The cost of unnecessary surrogate keys in relationship tables – Java, SQL, and jOOQ.

I show You how To Make Huge Profits In A Short Time With Cryptos!

What is a good natural key?

This is a very difficult question for most entities when designing your schema. In rare cases, there appears to be an “obvious” candidate, such as a variety of ISO standards, including:

But even then, there can be exceptions and the worst thing that can happen is a key change. Most database designs are play safe and use surrogate keys rather. No problem with that.
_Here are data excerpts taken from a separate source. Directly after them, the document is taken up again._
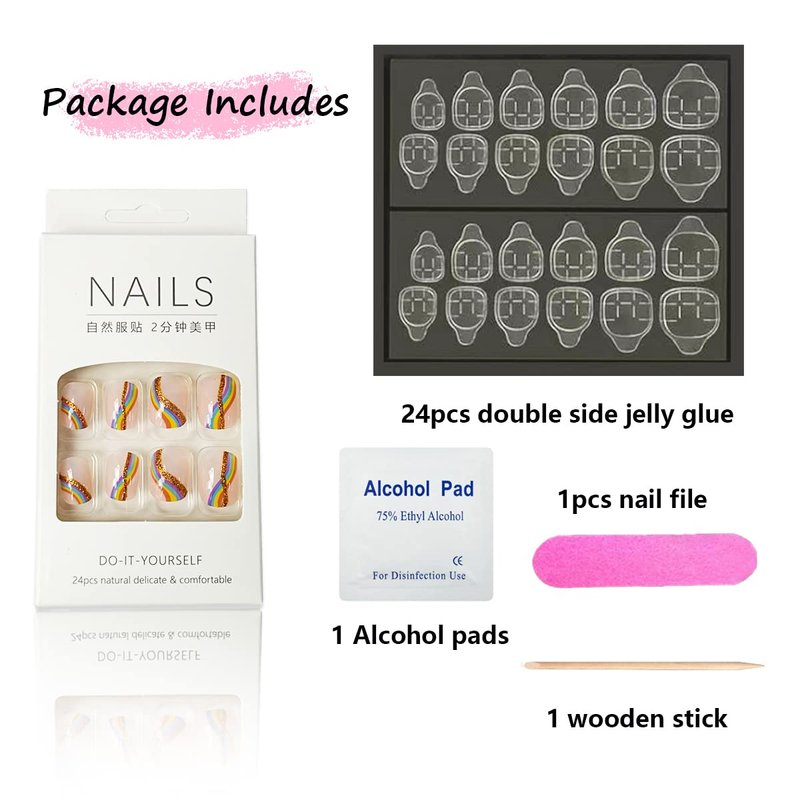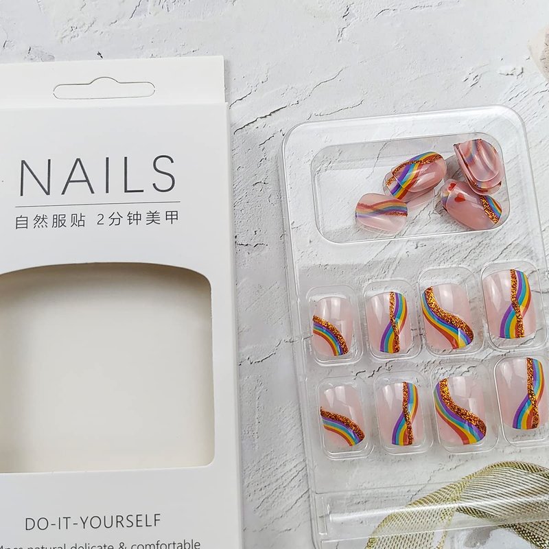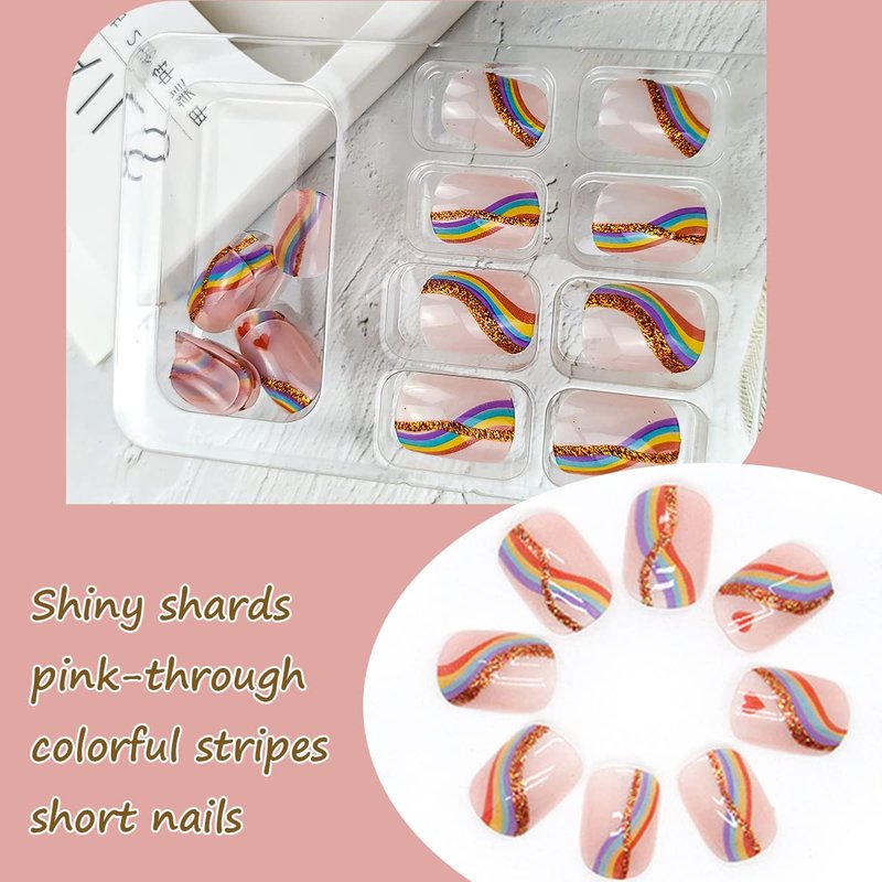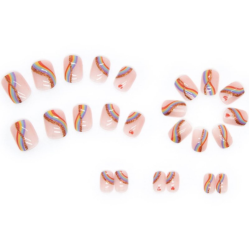 Product style:Short foundation gold glitter rainbow colorful striped heart press on nail set (24 pieces/box, with jelly glue)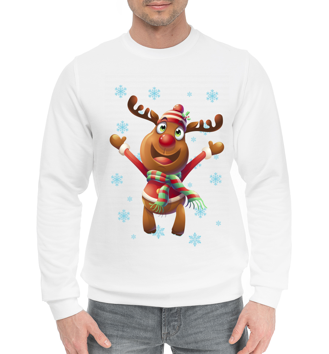 Мужской хлопковый свитшот с принтом «Новогодний олень»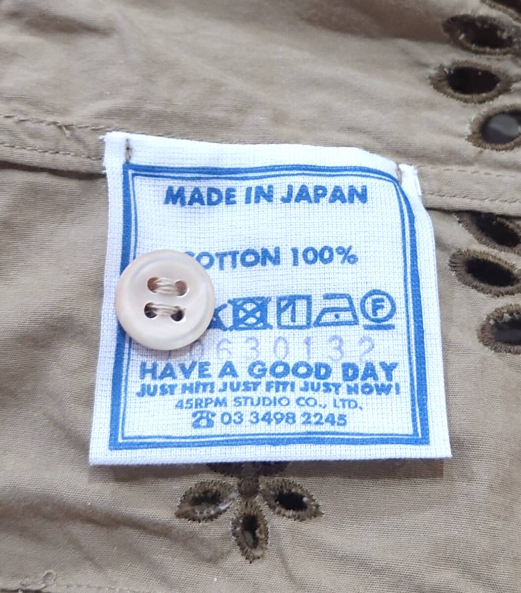 45R 45rpm ダンプカットワークの四角シャツ 刺繍 カットワーク ブラウス カーキ Y-326118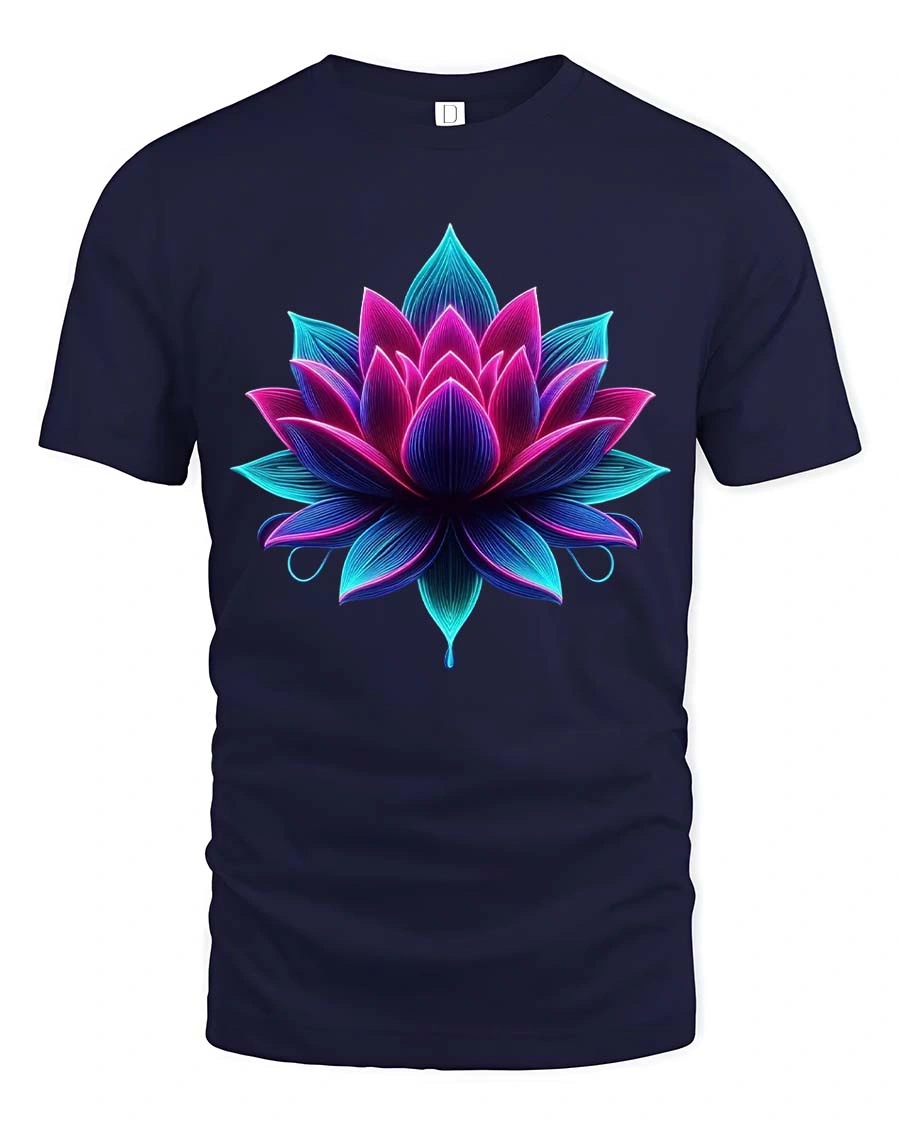 Vibrant Neon Lotus Flower Spiritual Art T Shirt - navy t-shirt on white background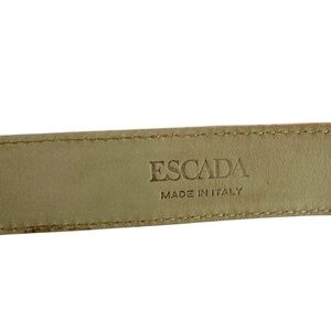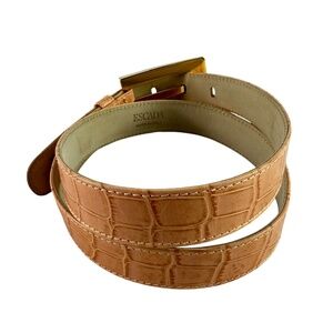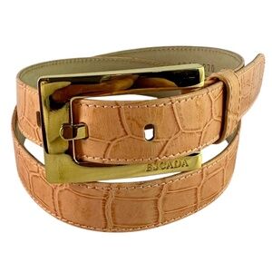 You are looking at a genuine belt by Escada made of leather with lovely croc pattern. Belt is size 30 US and measures 35"8 long and 1" wide and measures 29" on the first perforation and 31" at its last perforation from buckle. This nice vintage Escada belt is adorned with gold tone hardware, light pink leather with croc pattern. The condition of this belt is very good and was well cared for. 100% genuine Escada made in Italy.

But…

Relationship tables

There is one exception where a surrogate key is never really required. These are relationship tables. For example, in the Sakila Database, all relationship tables do not have a surrogate key and instead use their respective foreign keys as a “natural” composite primary key:

Therefore the FILM_ACTOR array, for example, is defined as such:


CREATE TABLE film_actor (
  actor_id int NOT NULL REFERENCES actor,
  film_id int NOT NULL REFERENCES film,

  CONSTRAINT film_actor_pkey PRIMARY KEY (actor_id, film_id)
);

There is really no need to add another column FILM_ACTOR_ID or ID for an individual row of this table, although many ORMs and schemas not defined by ORM will, just for “consistency” reasons (and in a few cases, because they cannot handle compound keys).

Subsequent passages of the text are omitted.